- DVD cover for 'Croaked: Frog Monster from Hell'
- Directed by: Bill Rebane
- Written by: Lyoma Denetz Jerry Gregoris Mike Landers
- Produced by: Jerry Gregoris Bill Rebane
- Starring: Karen McDiarmid Alan Ross Brad Ellingson Jerry Gregoris Glenn Scherer
- Cinematography: Bela St. Jon
- Edited by: Bill Rebane
- Music by: Bruce Malm
- Distributed by: Troma Entertainment
- Release date: 1980;
- Running time: 93 minutes
- Language: English

= Croaked: Frog Monster from Hell =

Croaked: Frog Monster from Hell (also known as Rana: The Legend of Shadow Lake) is a 1980 American monster movie directed by Bill Rebane. The plot of Croaked involves a group of loggers terrorized by a vicious half-man/half-frog creature. The film was distributed by Troma Entertainment and aired first on television before going to video.

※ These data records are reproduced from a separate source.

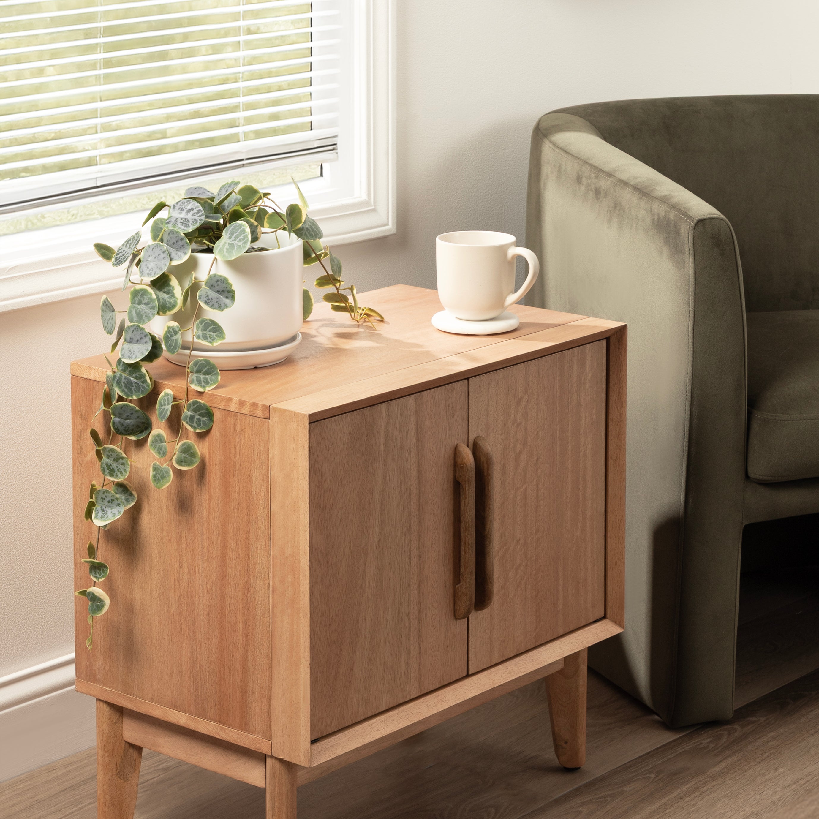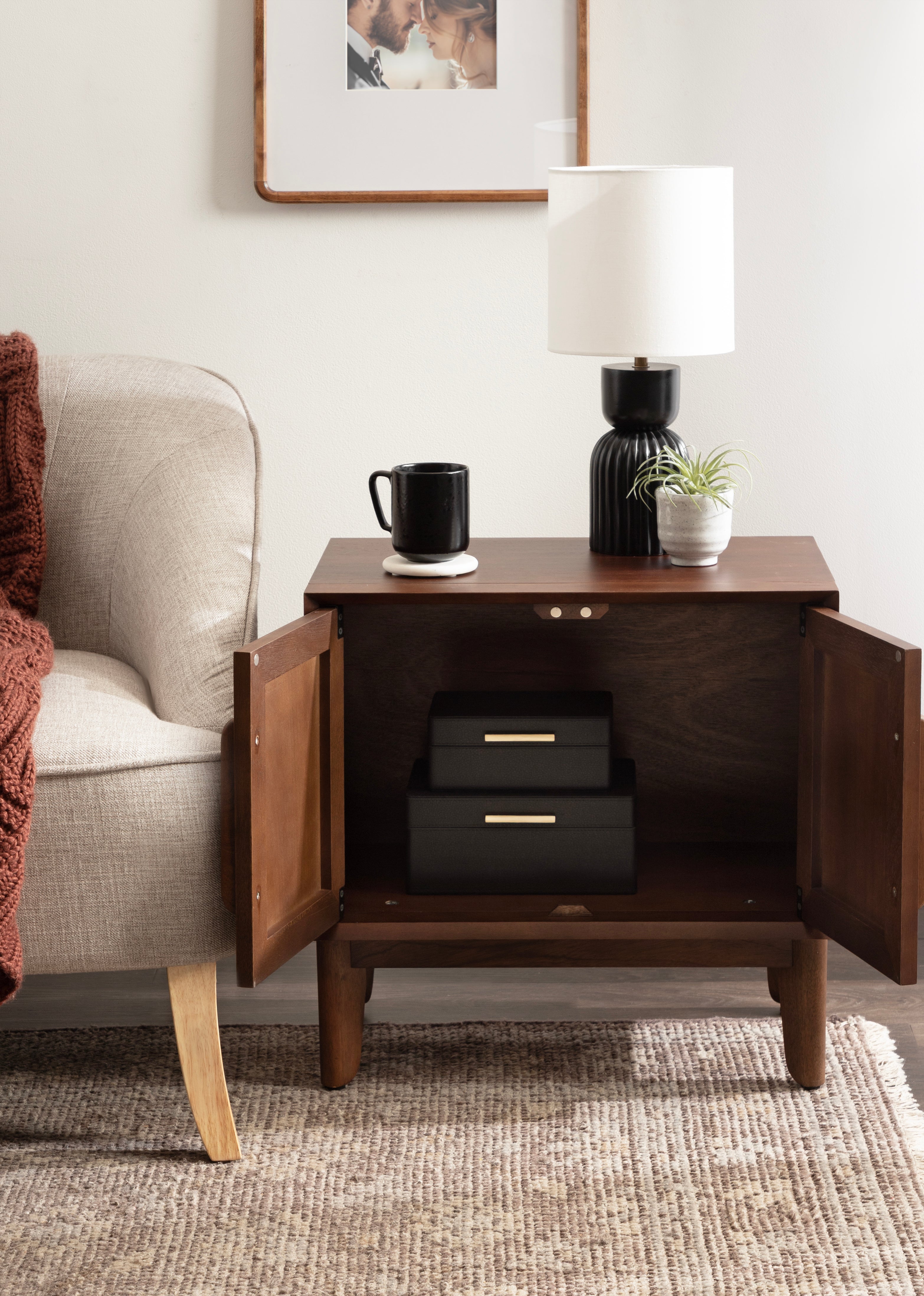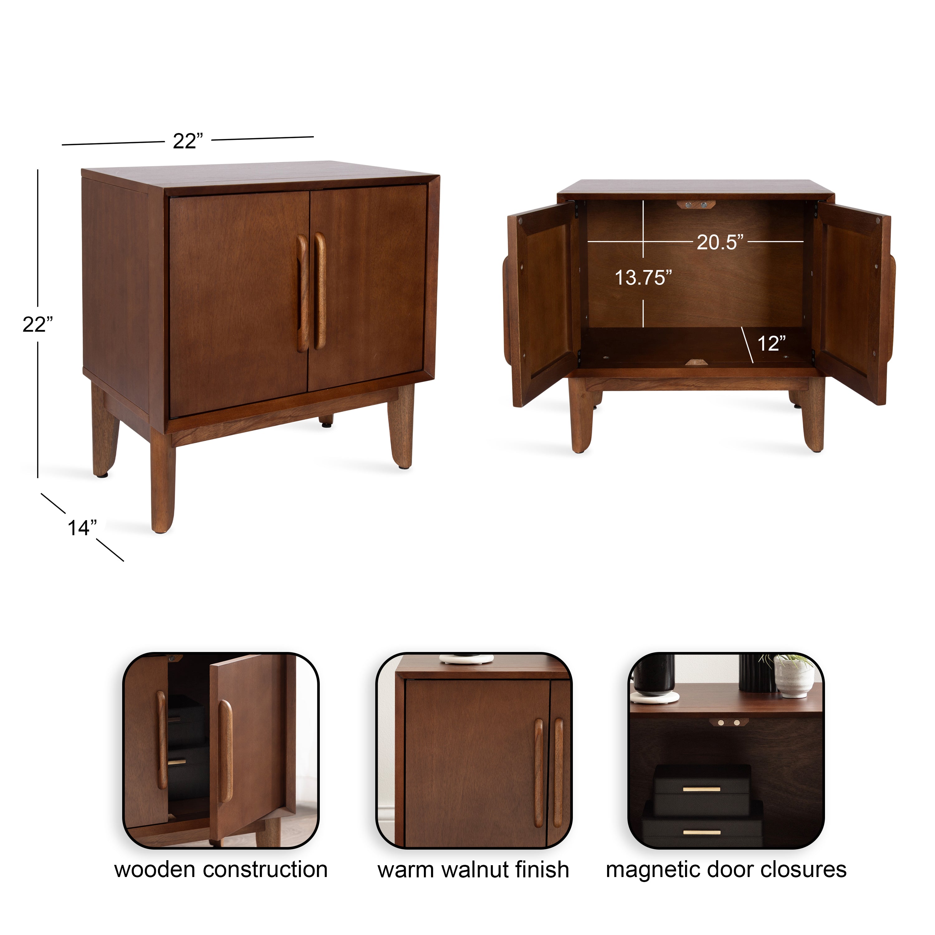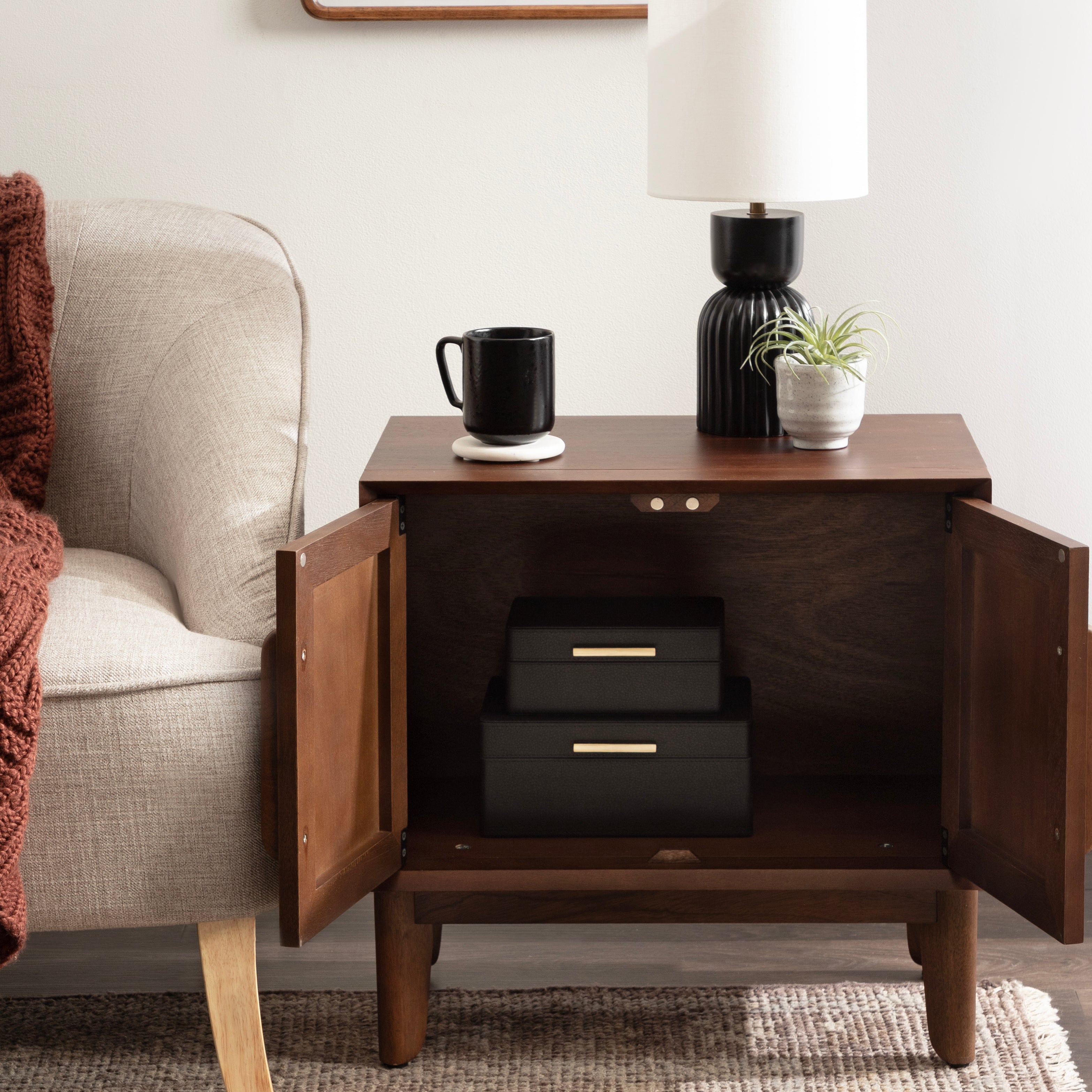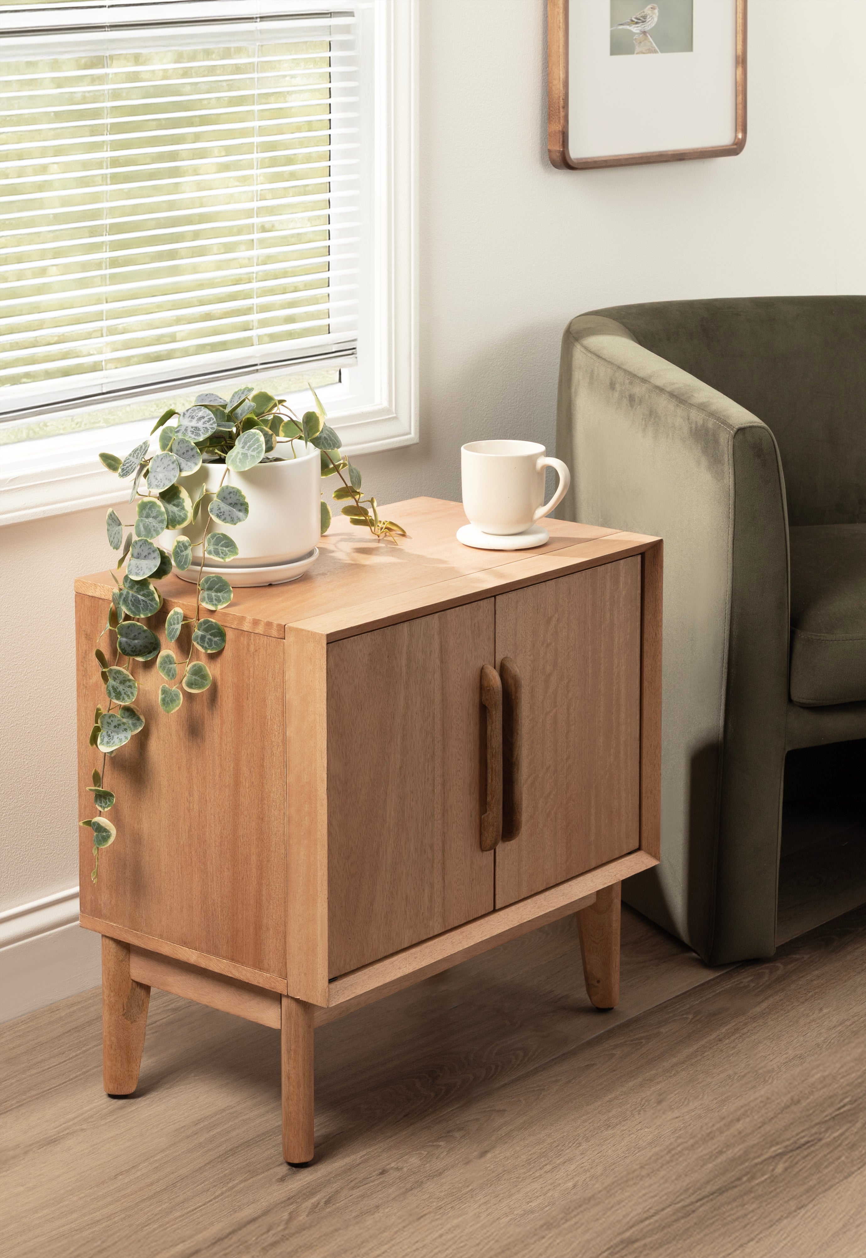 Introducing the Kate and Laurel McCutcheon wooden side table, a versatile and stylish piece that combines functionality and modern design. This beautifully crafted nightstand features a stunning wood finish, a functional storage cabinet design, and a sizable tabletop, offering ample storage space for your bedside essentials. Throughout, this charming side table is a refined design and delightful finishes. Constructed with high-quality materials, this side table is built to last. Crafted from a blend of mango wood and sturdy wooden material in India, each woodgrain and table is truly one-of-a-kind. The wooden cabinet design adds extra storage space and is perfect for storing magazines, books, or other items you want to keep within reach. Use it in your living room, bedroom, or home office for a functional and stylish addition to your space.
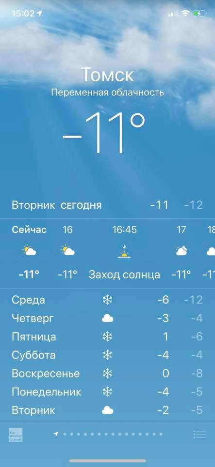 Скриншот сделан в приложении Яндекс.Погода.
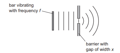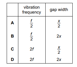 The waves pass through a gap of width x in a barrier so that diffraction occurs. Which combination of vibration frequency and gap width will produce the smallest angle of diffraction?
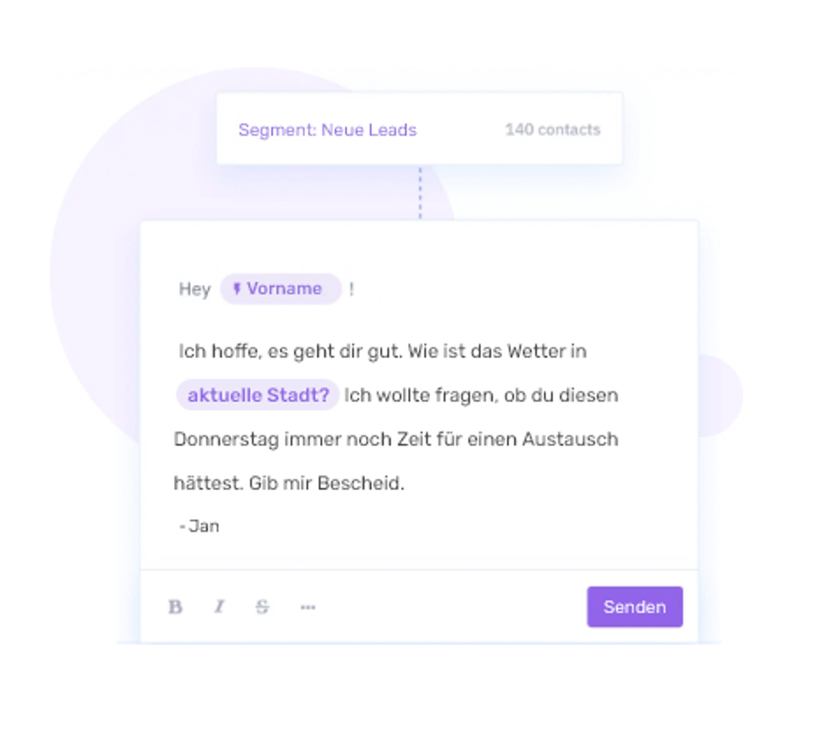 Aber es reicht nicht aus, den Namen des Abonnenten hinzuzufügen oder einen bestimmten Rabatt anzubieten. Es ist wichtig, dass du personalisierte Inhalte versendest und eine persönliche Verbindung zu jedem Abonnenten aufbaust. Um dies zu erreichen, musst du einige wichtige Elemente deiner Kampagne berücksichtigen: Segment, Zeitpunkt, Betreffzeile, Inhalt, Angebot und Signatur.
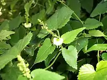 A much-branched climbing perennial herb, with twining stems up to 2.5 m originating from a woody rootstock.[5] The leaves are hairless or thinly hairy with serrated margins.[1] The hairs sting fiercely.[1] Inflorescences are up to 5.5 cm long with peduncles up to 2 cm long.[5] The inflorescences are composed mostly of tiny[1] male flowers with 1–2 female flowers below or else all male.[5]
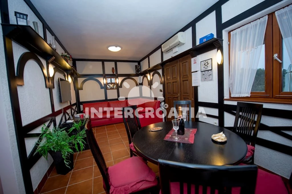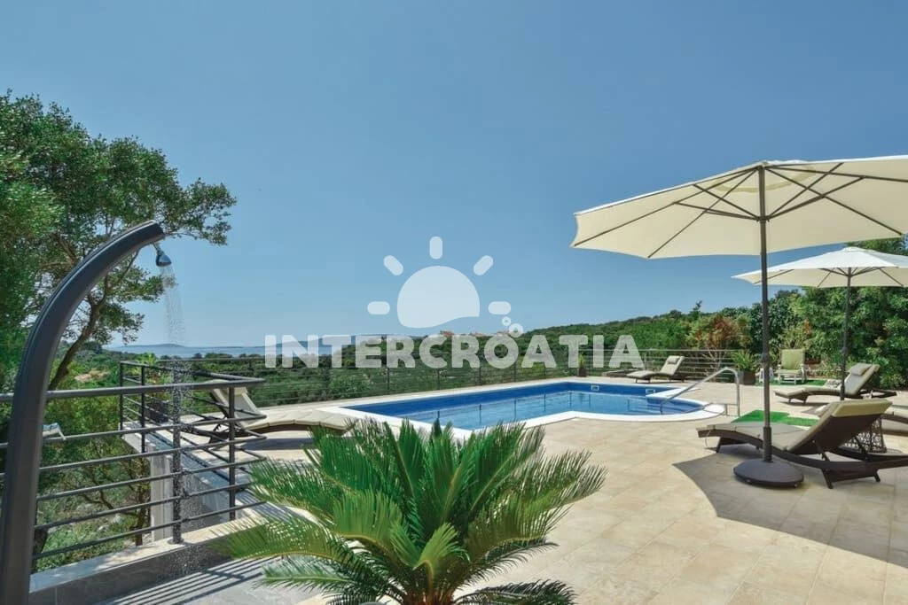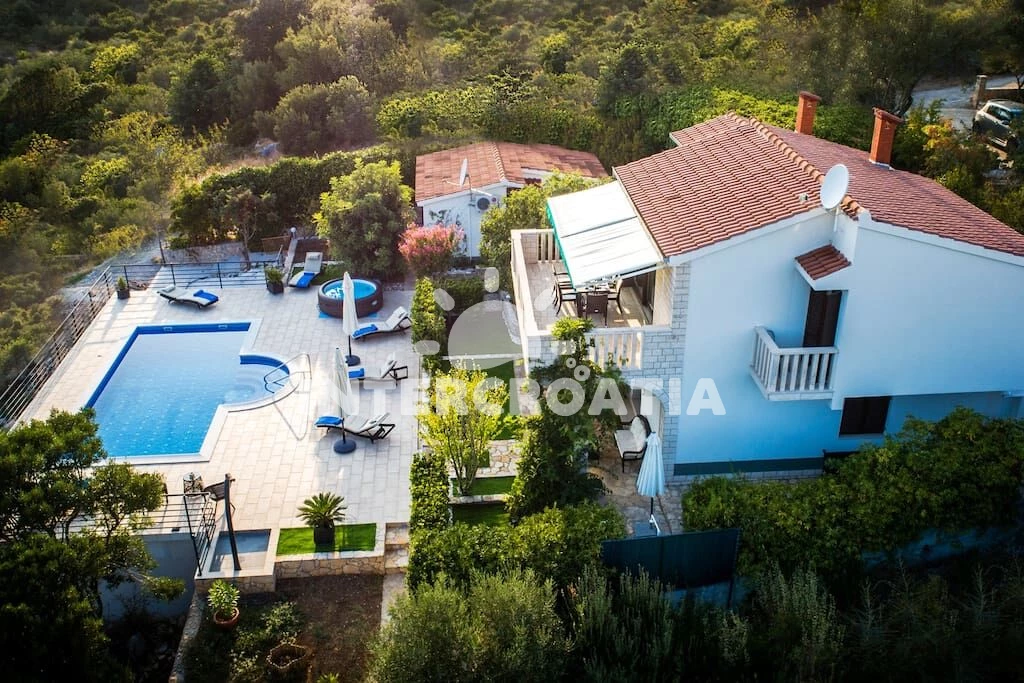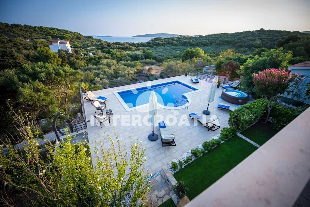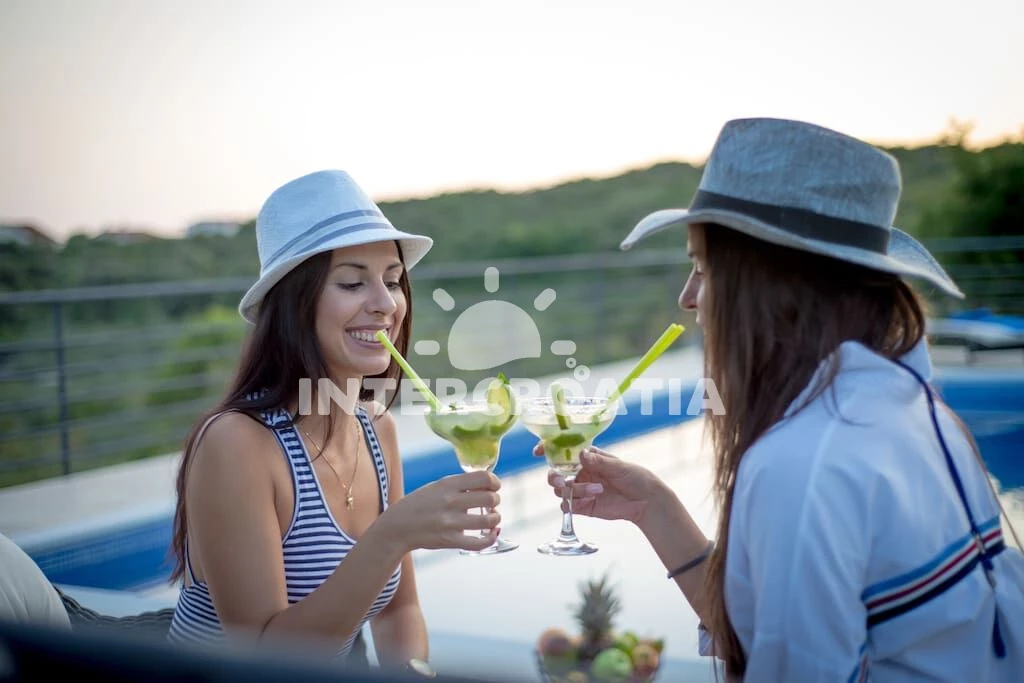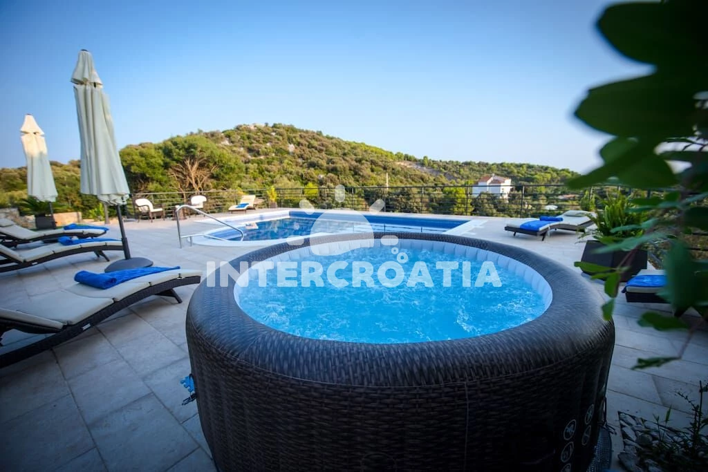 Domek se nachází 400 m od moře a pláže. Pláž je větší kamení. Domek disponuje bazénem s lehátky pro ubytované hosty. K dispozici posilovna. U objektu je k dispozici společná zahrada s posezením a grilem.
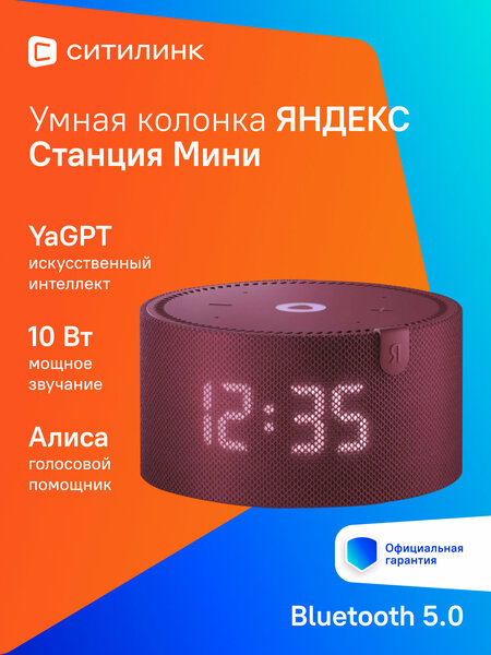 Умная колонка яндекс Станция Мини с часами с Алисой в ярком цвете красный гранат станет приятным дополнением для любого интерьера. Показ времени и проигрывание музыки – далеко не единственные ее возможности: • Алиса разбудит утром, включит любимую музыку и вызовет такси. • Поможет занять детей – Алиса моментально ответит на любой вопрос, например, сколько будет 3 плюс 2, или расскажет сказку. • 4 встроенных микрофона позволяют использовать Станцию Мини в качестве радионяни. Алиса моментально передаст на телефон любой шорох в детской комнате. • Встроенный динамик мощностью 10 Вт можно усилить, если подключить к станции другие колонки через AUX-кабель. Станцию Мини с часами можно интегрировать в систему Умный дом. С помощью колонки можно включать и выключать электроприборы и свет, при наличии умных розеток и лампочек. В паре с умным пультом и любым кондиционером, можно контролировать температуру в квартире. Подключайте широкий ассортимент совместимых умных устройства в Умный дом с Алисой и управляйте ими голосом с помощью Станции Мини с часами.

In his book All I Need to Know About Filmmaking I Learned from The Toxic Avenger, Troma president Lloyd Kaufman lists this film as one of the five worst Troma films ever made (along with The Capture of Bigfoot, also directed by Bill Rebane).

==Plot==
When a fortune is discovered at the bottom of a lake, a diver is out to get it, even when he discovers that the loot is being guarded by an awful underwater beast.

==Cast==
- Paul Callaway and Richard Lange as Rana
- Glenn Scherer as Kelly Sr.
- Brad Ellingson as Kelly Jr.
- Karen McDiarmid as Elli
- Alan Ross as John
- Julie Wheaton as Susan
- Jerry Gregoris as Charlie
- Jim Iaquinta as Burley, Rana
- Bruno Alexander as Cal
- Michael Skewes as Mike
- Doreen Moze as Chris
- Angailica as Baby Rana (as Angel Rebane)

==Release==

===Home media===
The film was released on VHS and Betamax in 1986 by Active Home Video. The VHS was later reissued in 1991 by Burbank Video. It was released for the first time on DVD by BCI, in a 3-disk multi feature set on August 24, 2004. BCI would re-release the film as a part of a 10-disk multi feature collection on October 5, 2005.

==Reception==
John Noonan from HorrorNews.net wrote, "By all accounts this should be a fun and frivolous massacred by Mother Nature genre of movie. Instead, even at an 86 minute running time, it feels like Croaked is charging through treacle towards a wholly unsurprising and unsatisfying ending."

==Trivia==
Lead actress Karen McDiarmid went on to become the spokesperson for the ShopKo chain of discount department stores. She appeared in television ads for the retailer from 1976 to 1996, as is better known to the public as the "ShopKo Lady."